• _Work request_: Below is a listing with pictures in it; transcribe exactly the lines from the one that has "En af de ting" through the one that has "- Bague Elahera", and omit those pictures.

• _Material provided_:
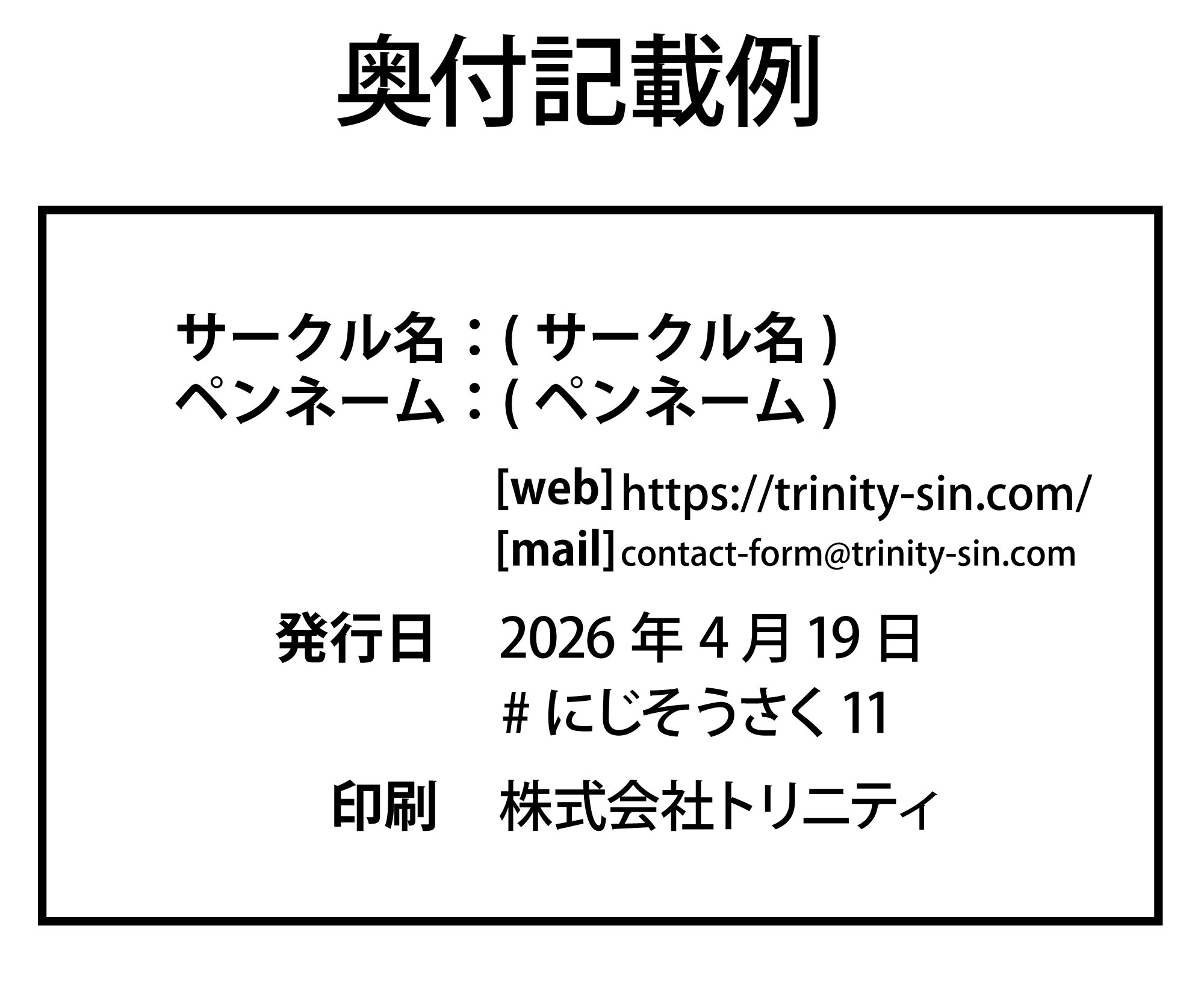 奥付に必要な情報については、下記をご参照ください。
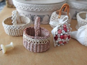 En af de ting jeg købte var vokset flettetråd, denne gang købte jeg en rulle naturfarvet 3-trådet. Damen, som solgte den, sagde at man kunne farve kurvene eller hvad man nu fletter med vandbaseret bejdse. Den forreste kurv har jeg bejdset, den bagerste ikke.
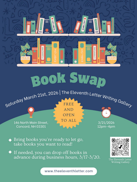 Book Swap, The Eleventh Letter Writing Gallery, Concord, NH โ€“ Looking to make room on your shelves and reading lists? Weโ€™re having a book swap this Saturday, March 21 from 12 pm – 4 pm! Bring books youโ€™re ready to part with and take new ones! Itโ€™s FREE! (Can drop off books in advance if youโ€™d like, starting 17 March.)
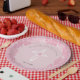 This pretty and feminine first holy communion paper plate design can be customised for your girl's special religious occasion. The text and background colour can be changed to your liking. It features a stylish illustrated cross as well as pink hydrangea flowers. Matching invitations and other paper goods for your celebration are available.
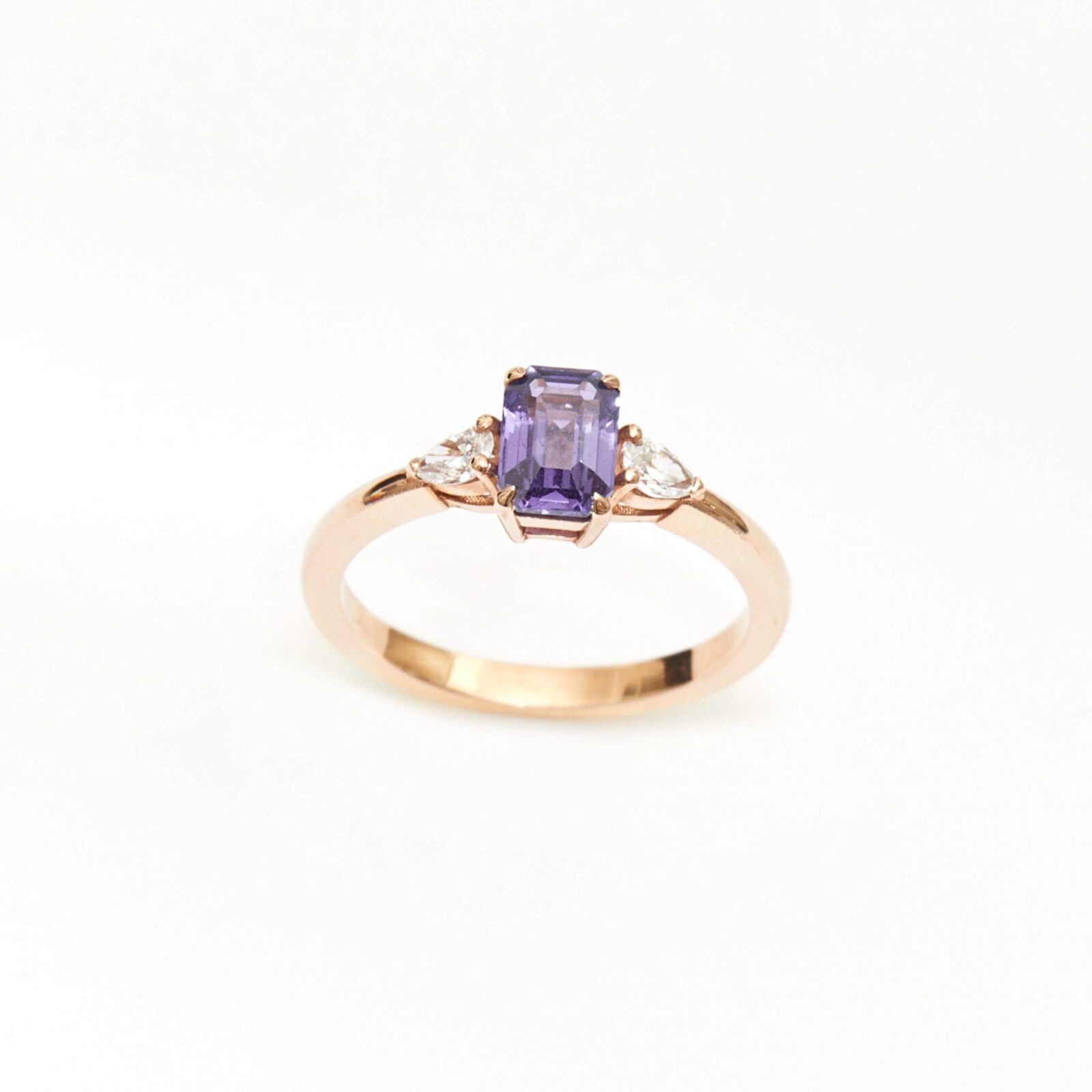 - Bague Elahera en or rose 18 carats, sertie d’un saphir lavande 1.00 carat accompagné de diamants.
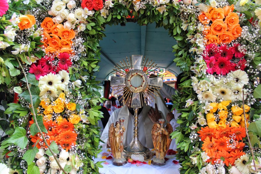 La procesión fue presidida por el Párroco Marcos Rodríguez, el Vicario Gabriel Olmedo, el Padre Rubén y Fray José Luis de los Siervos de María, que acompañaron al Santísimo Sacramento en una trajinera que fue ornamentada en su portada con un arreglo de flores, elemento natural que distingue al pueblo de Xochimilco.
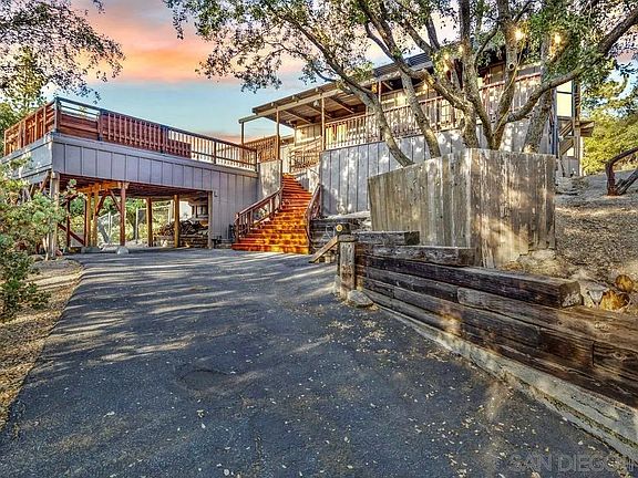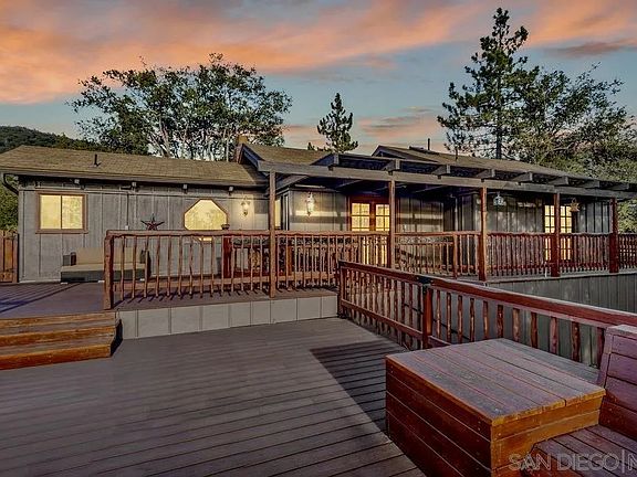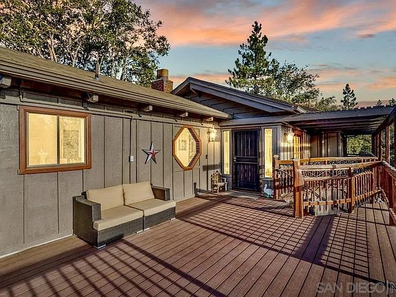 Welcome home to this one of a kind, modern cabin in the mountains! Whether you want to relocate here full time or make this a second home to get away from it all, this mountain home is overflowing with charm and provides a true sanctuary from the hustle and bustle of the busy life. Practice yoga on the expansive wrap around deck while taking in views of Lily Rock, or sip morning coffee from the backyard deck right off the kitchen and family room while listening to the birds chirp. During winter months there is plenty of snow and this amazing property turns into a winter wonderland! One thing you can count on; you'll always be breathing fresh mountain air. This stunning home features an open floor plan with vaulted wood ceilings throughout. A wood-burning dual sided fireplace between the living room and the kitchen. Several sets of french doors that lead to multiple decks, including one right off the primary bedroom. The primary bedroom includes sitting area/office nook as well as large walk-in closet. This home has been upgraded with new tile floors, interior paint, Brand new back deck made of redwood, updated roof, and new fans. Conveniently located between Orange and San Diego Counties which makes the perfect opportunity for income purposes. Nightly rentals allowed. This mountain oasis won't last long!
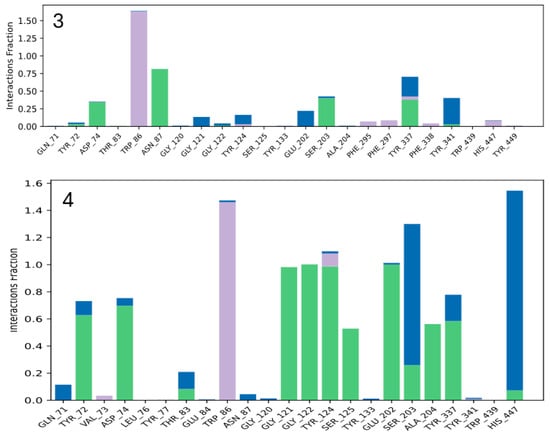 Interactions of ligands, T, and TPP, with AChE obtained from molecular docking. Description of the models (1–4) is presented in Table 2. The stacked bar charts are normalized over the course of the trajectory; for example, a value of 0.7 suggests that 70% of the simulation time for the specific interaction is maintained. Values over 1.0 are possible as some protein residue may make multiple contacts of same subtype with the ligand. Green color represents H-bonds, violet color represents hydrophobic interactions, pink color represents ionic interactions, blue color represents H-bonds through water bridges.

• _Output for this task_:
 En af de ting jeg købte var vokset flettetråd, denne gang købte jeg en rulle naturfarvet 3-trådet. Damen, som solgte den, sagde at man kunne farve kurvene eller hvad man nu fletter med vandbaseret bejdse. Den forreste kurv har jeg bejdset, den bagerste ikke.
 Book Swap, The Eleventh Letter Writing Gallery, Concord, NH โ€“ Looking to make room on your shelves and reading lists? Weโ€™re having a book swap this Saturday, March 21 from 12 pm – 4 pm! Bring books youโ€™re ready to part with and take new ones! Itโ€™s FREE! (Can drop off books in advance if youโ€™d like, starting 17 March.)
 This pretty and feminine first holy communion paper plate design can be customised for your girl's special religious occasion. The text and background colour can be changed to your liking. It features a stylish illustrated cross as well as pink hydrangea flowers. Matching invitations and other paper goods for your celebration are available.
 - Bague Elahera en or rose 18 carats, sertie d’un saphir lavande 1.00 carat accompagné de diamants.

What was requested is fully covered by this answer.